We looked at the pre-delete hook and saw that it's checking for existing Zookeeper instances... We didn't create any while the chart was installed, and when we run the command from the hook we can confirm there are none:

% kubectl get zookeepercluster --all-namespaces --no-headers                                 
No resources found

Suggestions for an improvement

(How do you suggest to fix or proceed with this issue?)

We can get around this manually for now by skipping the hooks during uninstall:

% helm uninstall zookeeper -n kube-system --no-hooks --debug                                 
uninstall.go:93: [debug] uninstall: Deleting zookeeper
uninstall.go:104: [debug] delete hooks disabled for zookeeper
client.go:268: [debug] Starting delete for "zookeeper-zookeeper-operator" Deployment
client.go:268: [debug] Starting delete for "zookeeper-zookeeper-operator" RoleBinding
client.go:268: [debug] Starting delete for "zookeeper-zookeeper-operator" Role
client.go:268: [debug] Starting delete for "zookeeper-zookeeper-operator" ClusterRoleBinding
client.go:268: [debug] Starting delete for "zookeeper-zookeeper-operator" ClusterRole
client.go:268: [debug] Starting delete for "zookeeperclusters.zookeeper.pravega.io" CustomResourceDefinition
W0423 17:33:02.716749   87396 warnings.go:67] apiextensions.k8s.io/v1beta1 CustomResourceDefinition is deprecated in v1.16+, unavailable in v1.22+; use apiextensions.k8s.io/v1 CustomResourceDefinition
client.go:268: [debug] Starting delete for "zookeeper-operator" ServiceAccount
uninstall.go:130: [debug] purge requested for zookeeper
release "zookeeper" uninstalled

We can use the disable_webhooks option in the Terraform provider to get the same result, but that will skip all hooks (which is probably a bad thing to do... not sure what other hooks the chart has in it).

For our current situation the best workaround is to use the previous version of the chart, but we'd rather not miss out on future improvements, so we're hoping to see this fixed.

anishakj commented 3 years ago

@mogul Have you uninstalled zookeeper cluster, before uninstalling zookeeper operator. You can check by using kubectl get zk command

mogul commented 3 years ago

Yes:

We looked at the pre-delete hook and saw that it's checking for existing Zookeeper instances... We didn't create any while the chart was installed, and when we run the command from the hook we can confirm there are none:

anishakj commented 3 years ago

@mogul Could you please paste logs from pre-delete hook pod that gets created.?

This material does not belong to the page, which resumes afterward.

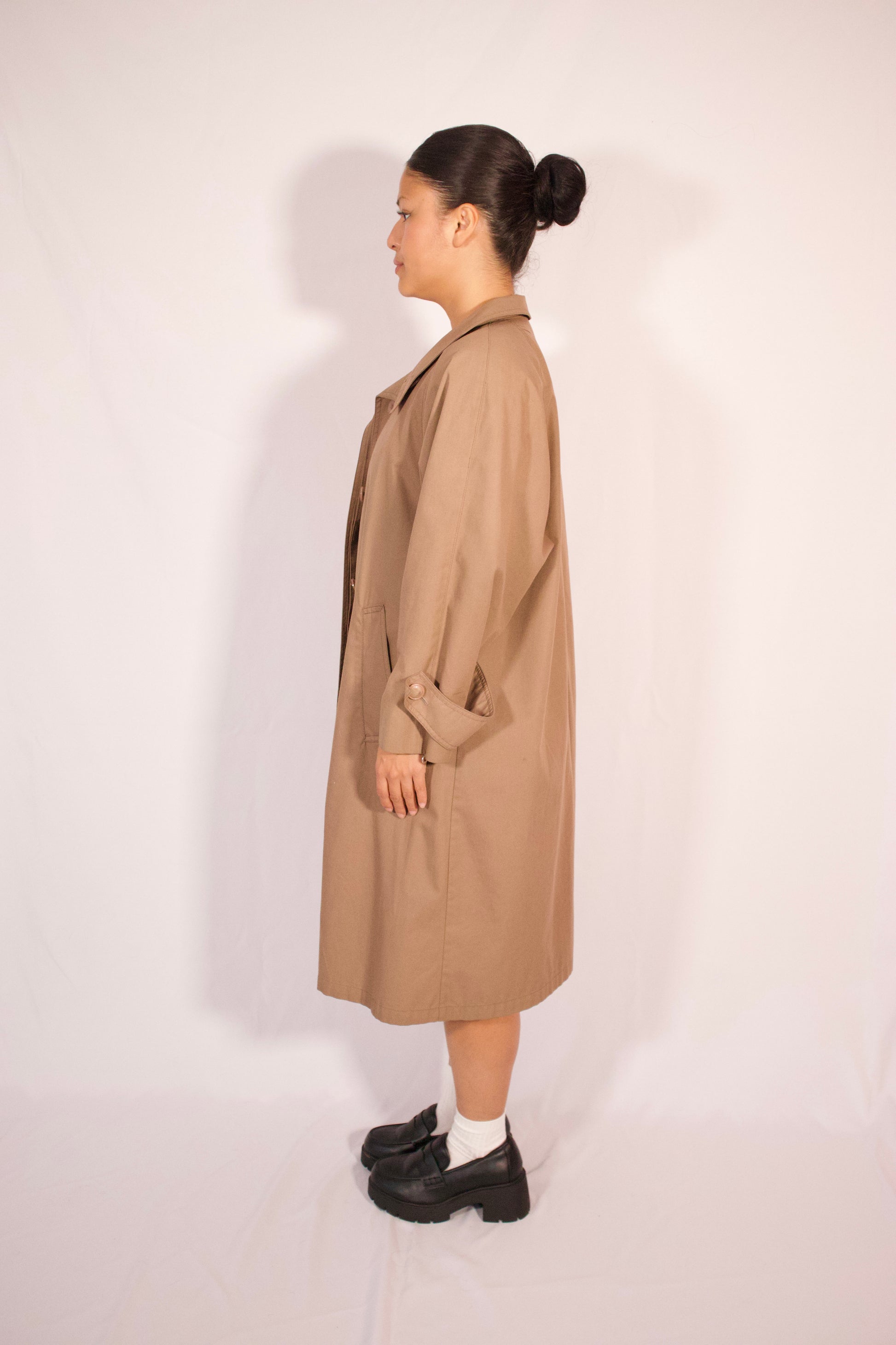 Ce manteau n’a pas de ceinture mais donne justement un style ample, large et déconstruit. Un beau trench coat beige comme on les aime.

SrishT commented 3 years ago

@mogul if the pre-delete hook is something do not need, you can easily disable it by setting hooks.delete to false while installing the zookeeper operator here but in order to understand why the job is failing for you, we would need to see the logs within pre-delete hook pod that gets created.

anishakj commented 3 years ago

@mogul Could you please provide us logs if you are still seeing the issue or else can we close this?

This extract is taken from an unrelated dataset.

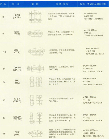 三環(huán)式傳動機構(gòu)自成體系,按基本型的單級傳動,增加高速與低速軸的數(shù)量或變更其相互位置,構(gòu)成若干派生型,單級傳動還可以串聯(lián)成多級傳動。

anishakj commented 3 years ago

Closing this issue as there is no response from submitter. Please feel free to open the issue with logs, if the issue is seen again.

mogul commented 3 years ago

Hello, I'm once again hitting this problem now that the solr-operator requires zookeeper-operator 0.2.12.

@mogul if the pre-delete hook is something do not need, you can easily disable it by setting hooks.delete to false while installing the zookeeper operator here

This was enormously helpful, thanks! I'm able to use this setting to stay on 0.2.12 now despite the pre-delete hook problem.

but in order to understand why the job is failing for you, we would need to see the logs within pre-delete hook pod that gets created.

I tried to capture logs of the pre-delete pod, but the time between the job starting and the DeadlineExceeded message in the logs quoted above is just a few seconds:

client.go:268: [debug] Starting delete for "zookeeper-zookeeper-operator-pre-delete" Job
client.go:297: [debug] jobs.batch "zookeeper-zookeeper-operator-pre-delete" not found
client.go:122: [debug] creating 1 resource(s)
client.go:477: [debug] Watching for changes to Job zookeeper-zookeeper-operator-pre-delete with timeout of 5m0s
client.go:505: [debug] Add/Modify event for zookeeper-zookeeper-operator-pre-delete: ADDED
client.go:544: [debug] zookeeper-zookeeper-operator-pre-delete: Jobs active: 1, jobs failed: 0, jobs succeeded: 0
client.go:505: [debug] Add/Modify event for zookeeper-zookeeper-operator-pre-delete: MODIFIED
client.go:268: [debug] Starting delete for "zookeeper-zookeeper-operator-pre-delete" Job
[...JUST A FEW SECONDS...]
Error: job failed: DeadlineExceeded
helm.go:81: [debug] job failed: DeadlineExceeded

The pod is created and then gone again so fast that I'm not sure how to capture them... Is there some kubectl magic that would help with that? Or maybe the deadline is being expressed in the wrong magnitude units...?

anishakj commented 3 years ago

@mogul Could you please try collecting the logs by removing the the delete annotation from the job "helm.sh/hook-delete-policy": hook-succeeded, before-hook-creation, hook-failed

anishakj commented 2 years ago

@mogul Could you please update the logs.